Information shown below:
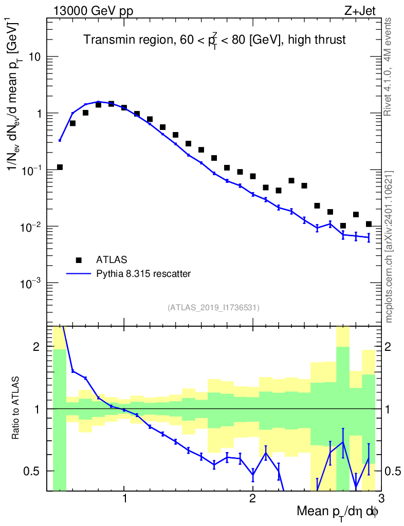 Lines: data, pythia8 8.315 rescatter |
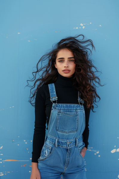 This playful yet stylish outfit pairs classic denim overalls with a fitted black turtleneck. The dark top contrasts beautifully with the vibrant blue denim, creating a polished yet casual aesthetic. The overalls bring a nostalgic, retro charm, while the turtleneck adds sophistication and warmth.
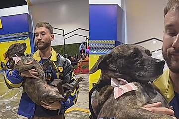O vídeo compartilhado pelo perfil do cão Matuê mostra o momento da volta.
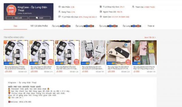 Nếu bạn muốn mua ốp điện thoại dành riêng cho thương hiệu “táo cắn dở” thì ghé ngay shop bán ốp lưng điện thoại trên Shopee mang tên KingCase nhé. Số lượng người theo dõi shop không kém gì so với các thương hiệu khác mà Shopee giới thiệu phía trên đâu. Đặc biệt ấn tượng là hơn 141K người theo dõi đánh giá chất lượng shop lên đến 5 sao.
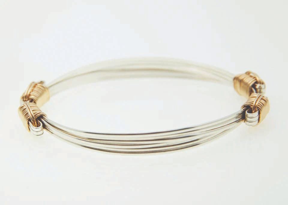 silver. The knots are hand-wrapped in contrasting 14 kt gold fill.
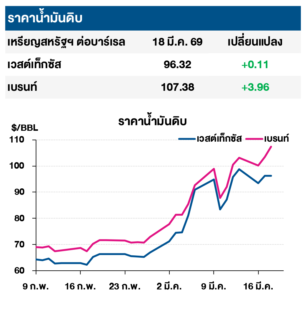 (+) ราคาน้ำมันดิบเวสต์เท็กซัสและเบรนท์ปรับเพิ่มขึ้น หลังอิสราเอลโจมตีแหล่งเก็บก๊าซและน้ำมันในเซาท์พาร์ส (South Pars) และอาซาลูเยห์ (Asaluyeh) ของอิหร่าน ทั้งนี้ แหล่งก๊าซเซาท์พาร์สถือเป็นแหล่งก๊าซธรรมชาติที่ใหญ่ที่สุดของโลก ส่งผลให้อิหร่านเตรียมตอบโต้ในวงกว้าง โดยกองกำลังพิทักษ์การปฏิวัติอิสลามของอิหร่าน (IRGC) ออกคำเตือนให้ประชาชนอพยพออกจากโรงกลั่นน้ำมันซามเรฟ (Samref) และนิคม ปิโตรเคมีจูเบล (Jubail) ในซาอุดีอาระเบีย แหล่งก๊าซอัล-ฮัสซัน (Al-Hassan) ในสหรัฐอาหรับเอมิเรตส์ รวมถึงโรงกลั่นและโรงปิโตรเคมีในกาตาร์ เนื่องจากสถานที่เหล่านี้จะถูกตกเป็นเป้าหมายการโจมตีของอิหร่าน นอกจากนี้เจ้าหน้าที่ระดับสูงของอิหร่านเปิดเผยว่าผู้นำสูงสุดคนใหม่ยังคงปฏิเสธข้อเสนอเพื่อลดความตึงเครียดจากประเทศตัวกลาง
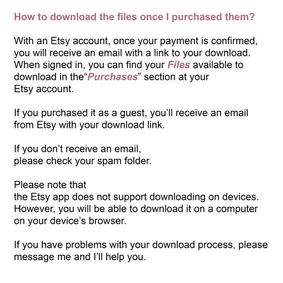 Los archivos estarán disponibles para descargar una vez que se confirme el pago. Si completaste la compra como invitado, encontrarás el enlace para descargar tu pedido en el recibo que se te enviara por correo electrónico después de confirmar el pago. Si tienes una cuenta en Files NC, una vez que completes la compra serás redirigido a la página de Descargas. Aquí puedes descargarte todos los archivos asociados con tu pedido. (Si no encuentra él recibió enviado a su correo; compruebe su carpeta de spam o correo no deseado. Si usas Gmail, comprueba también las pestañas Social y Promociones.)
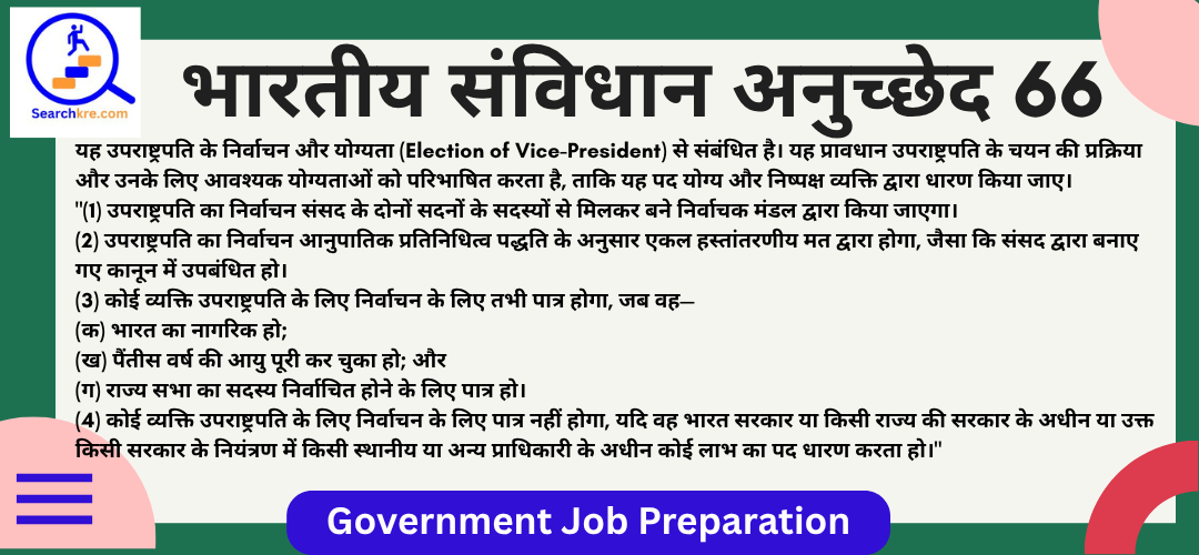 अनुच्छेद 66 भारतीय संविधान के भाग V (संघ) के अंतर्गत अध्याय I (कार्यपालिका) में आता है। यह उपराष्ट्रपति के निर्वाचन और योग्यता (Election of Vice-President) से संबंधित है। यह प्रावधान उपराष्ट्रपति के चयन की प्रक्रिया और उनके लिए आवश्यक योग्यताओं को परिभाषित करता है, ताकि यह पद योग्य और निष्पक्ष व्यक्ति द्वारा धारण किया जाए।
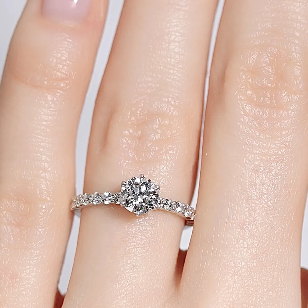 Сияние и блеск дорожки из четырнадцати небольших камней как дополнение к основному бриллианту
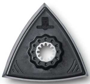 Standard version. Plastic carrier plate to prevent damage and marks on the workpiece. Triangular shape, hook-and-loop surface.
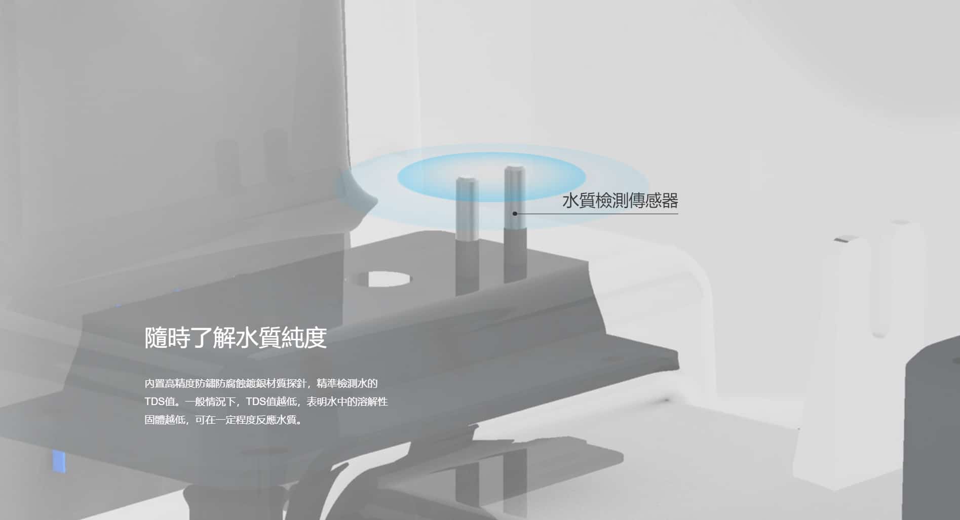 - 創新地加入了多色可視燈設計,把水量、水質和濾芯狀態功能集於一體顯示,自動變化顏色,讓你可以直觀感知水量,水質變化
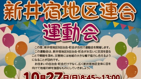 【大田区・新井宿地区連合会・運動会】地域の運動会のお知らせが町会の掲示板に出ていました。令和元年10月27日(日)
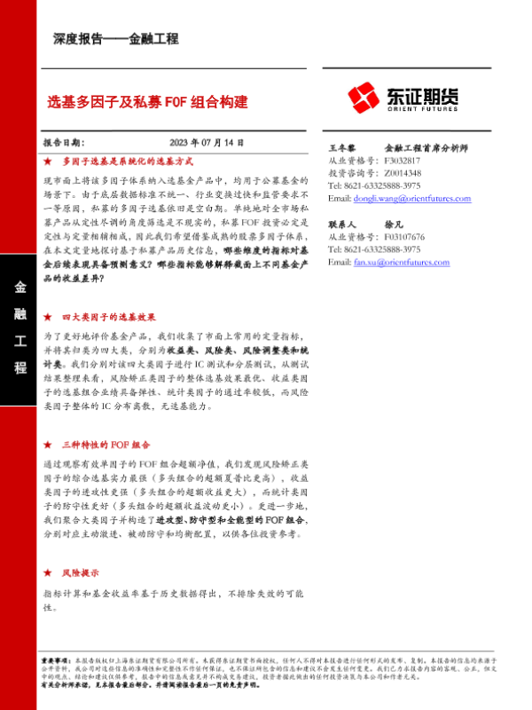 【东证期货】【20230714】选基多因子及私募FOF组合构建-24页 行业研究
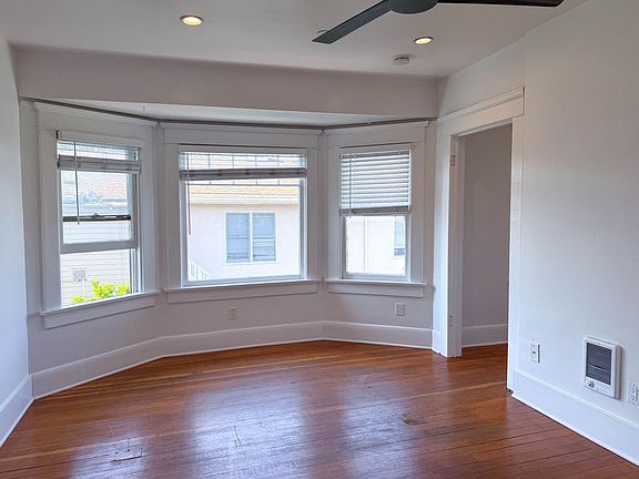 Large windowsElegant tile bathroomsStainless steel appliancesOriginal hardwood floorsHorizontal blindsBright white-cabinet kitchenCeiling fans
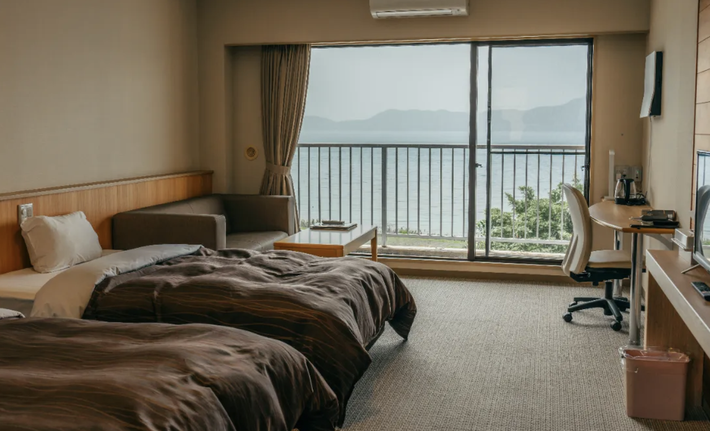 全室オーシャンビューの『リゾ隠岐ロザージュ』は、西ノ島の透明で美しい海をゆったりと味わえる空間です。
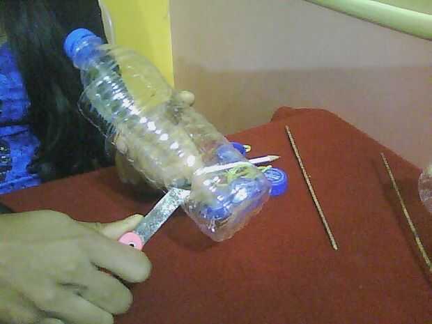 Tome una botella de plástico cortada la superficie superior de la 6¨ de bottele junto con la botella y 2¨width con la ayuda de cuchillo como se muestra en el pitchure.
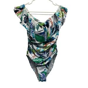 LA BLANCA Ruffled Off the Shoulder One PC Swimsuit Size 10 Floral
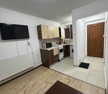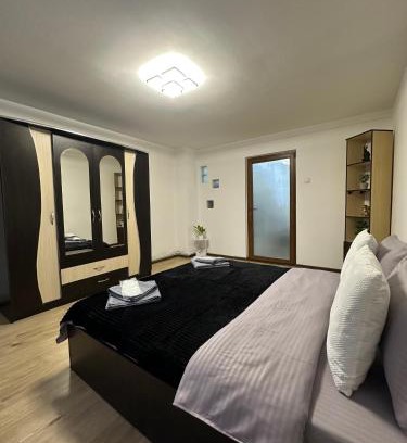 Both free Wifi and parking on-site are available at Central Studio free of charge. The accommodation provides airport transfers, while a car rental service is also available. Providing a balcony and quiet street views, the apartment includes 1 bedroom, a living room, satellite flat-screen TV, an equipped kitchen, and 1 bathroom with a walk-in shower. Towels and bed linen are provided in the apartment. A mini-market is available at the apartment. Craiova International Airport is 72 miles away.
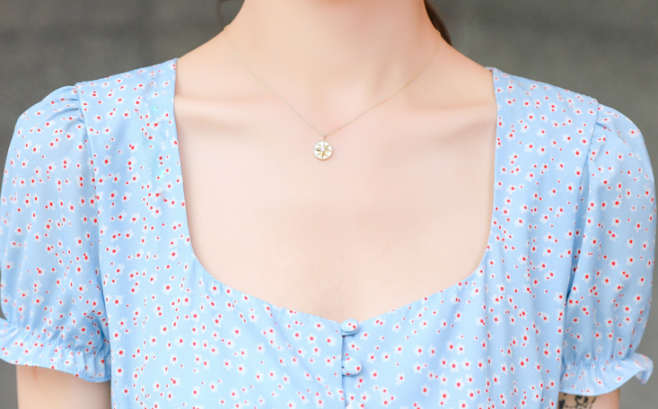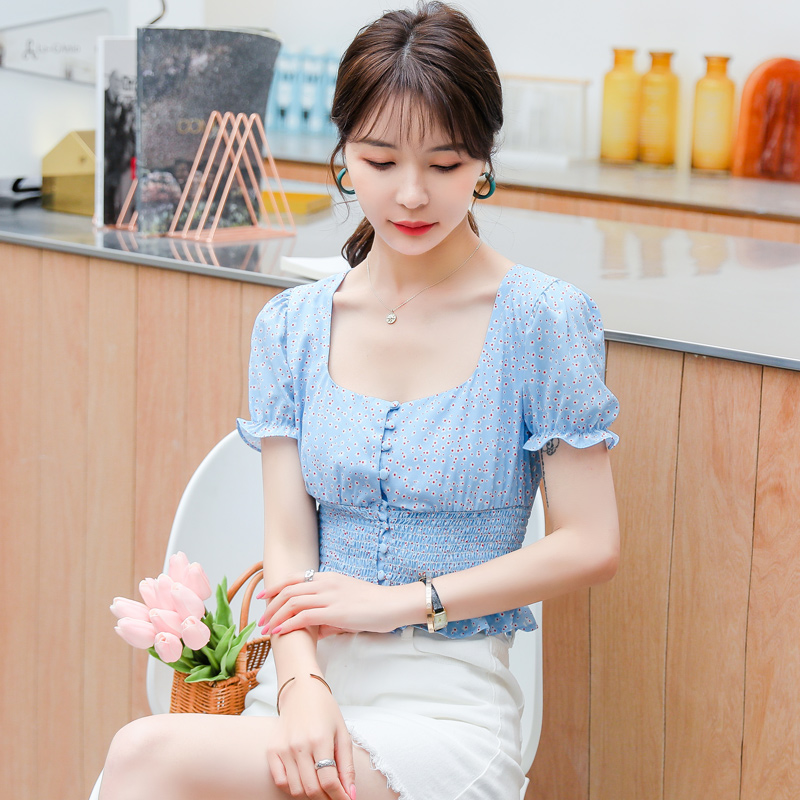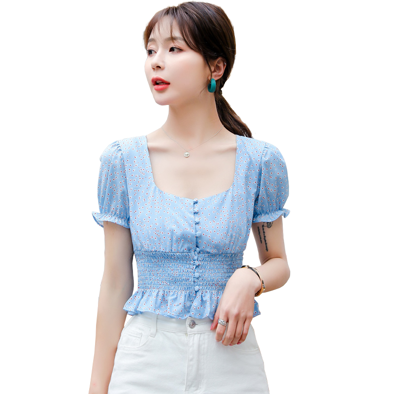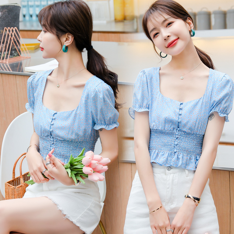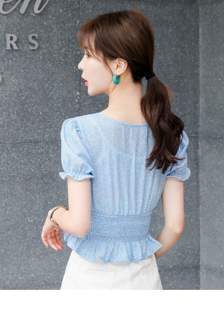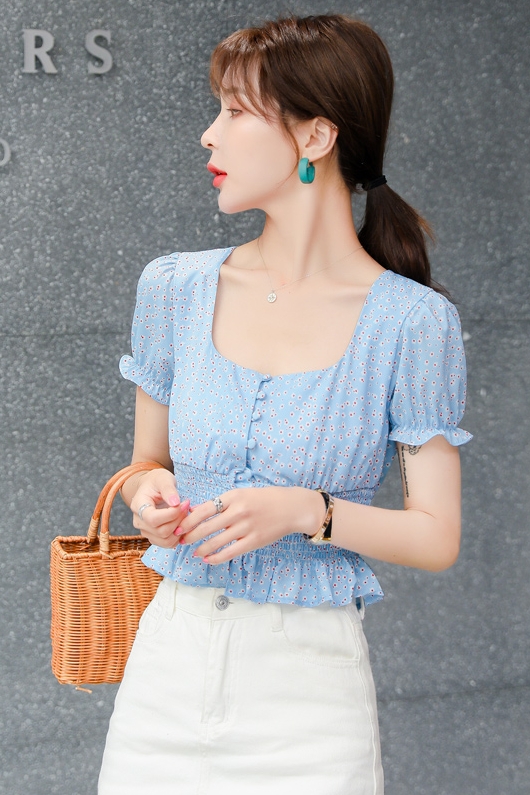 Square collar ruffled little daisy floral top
End of Information shown.
All pictures are to be skipped; the lines from the first line of the records through the line containing "O vídeo compartilhado" are to be repeated exactly, both ends included.

 Lines: data, pythia8 8.315 rescatter |
 This playful yet stylish outfit pairs classic denim overalls with a fitted black turtleneck. The dark top contrasts beautifully with the vibrant blue denim, creating a polished yet casual aesthetic. The overalls bring a nostalgic, retro charm, while the turtleneck adds sophistication and warmth.
O vídeo compartilhado pelo perfil do cão Matuê mostra o momento da volta.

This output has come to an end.